Editorial from The Zimbabwean, 4 Sept 2009
The decision by President Robert Mugabe last week to grant
amnesty to more than 1 500 prisoners in order to ease congestion in jails more than anything else demonstrates all that is wrong with Zimbabwe’s leader.
His total failure to appreciate the urgency of the disaster that is Zimbabwe today, is made worse by utter contempt for the lowly minions that we ordinary Zimbabweans must be in his eyes.
Announcing the amnesty, Ministry of Justice permanent secretary David Mangota said Mugabe had finally acceded to pleas by prison officials to grant the amnesty as a “short-term relief option to try and contain some of these challenges seriously and negatively impacting on the effective and efficient administration of prisons”.
Really? Where has the President been living that he is realising only now that the country’s under-funded and over-crowded jails are essentially death camps where, to use Judge President Rita Makarau’s words, all inmates face death from disease and hunger.
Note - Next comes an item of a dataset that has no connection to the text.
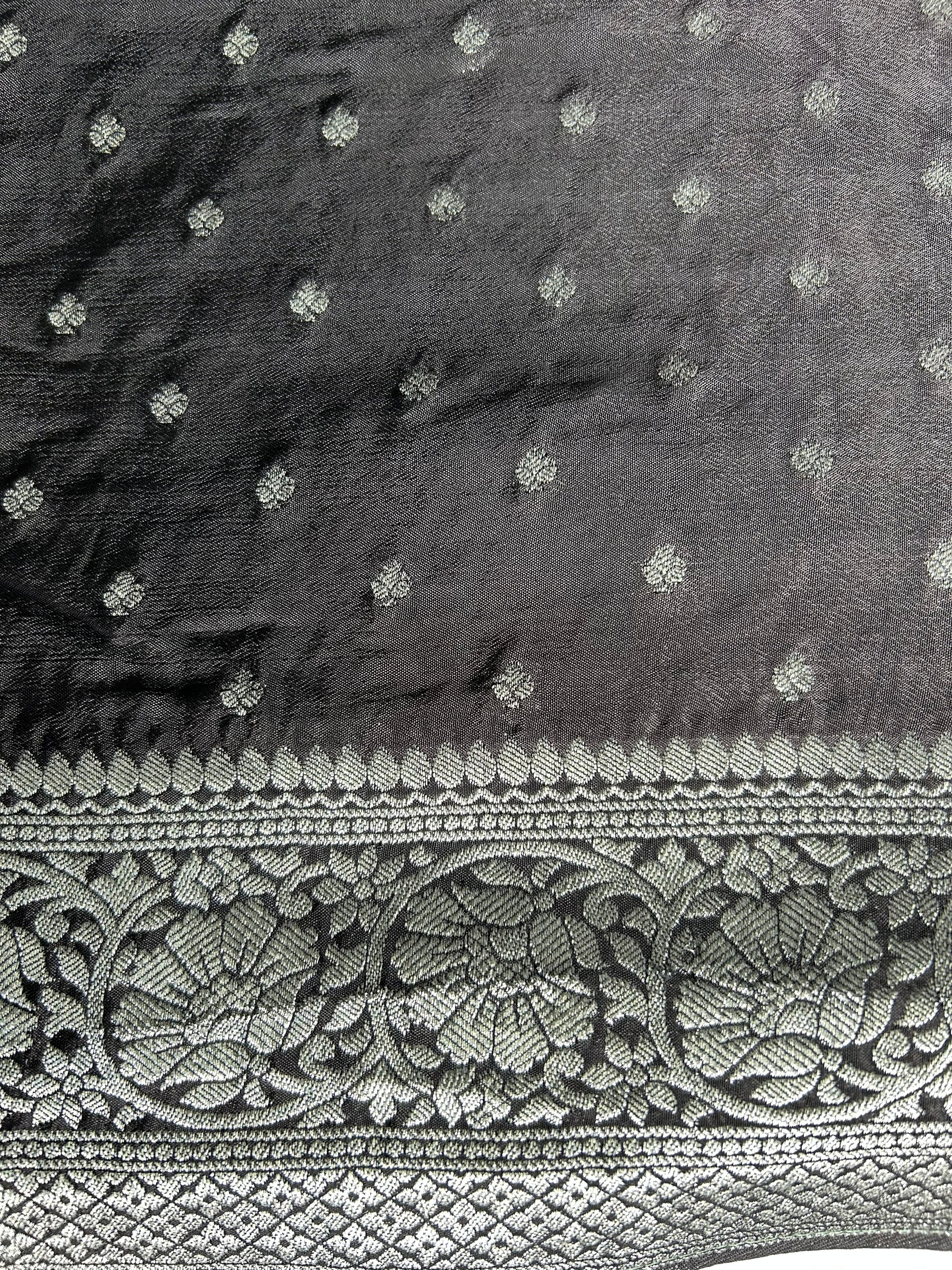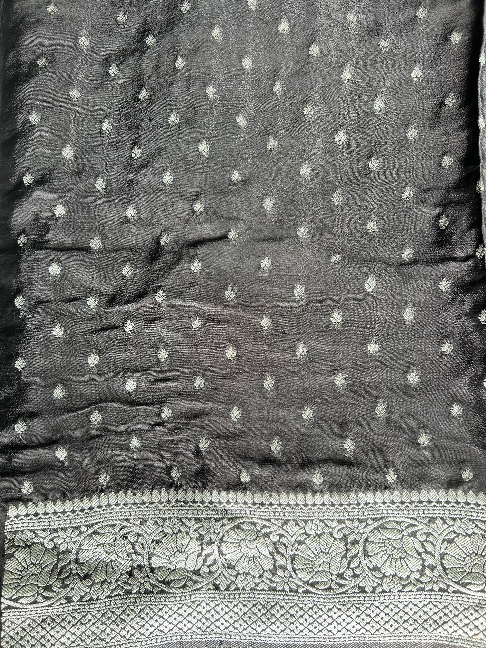 Black Banarasi crepe silk saree

In April, a South African television documentary showed shocking images of half-naked, skeletal prisoners wasting away from hunger and disease that were smuggled from some of Zimbabwe’s jails.
What did the government (read Mugabe and Zanu (PF) who control the justice system) do?
Justice Minister Patrick Chinamasa vehemently denied the prisoners shown in the documentary were from Zimbabwean jails, while prison commanders immediately launched a witch-hunt to identify and punish prison guards who had allowed South African journalists into the jails.
When Amnesty International condemned last June the inhuman conditions in Zimbabwe’s jails where, according to the world human rights watchdog, nearly 1 000 inmates died of hunger and disease in the first six months of this year alone, again what did Mugabe and company do?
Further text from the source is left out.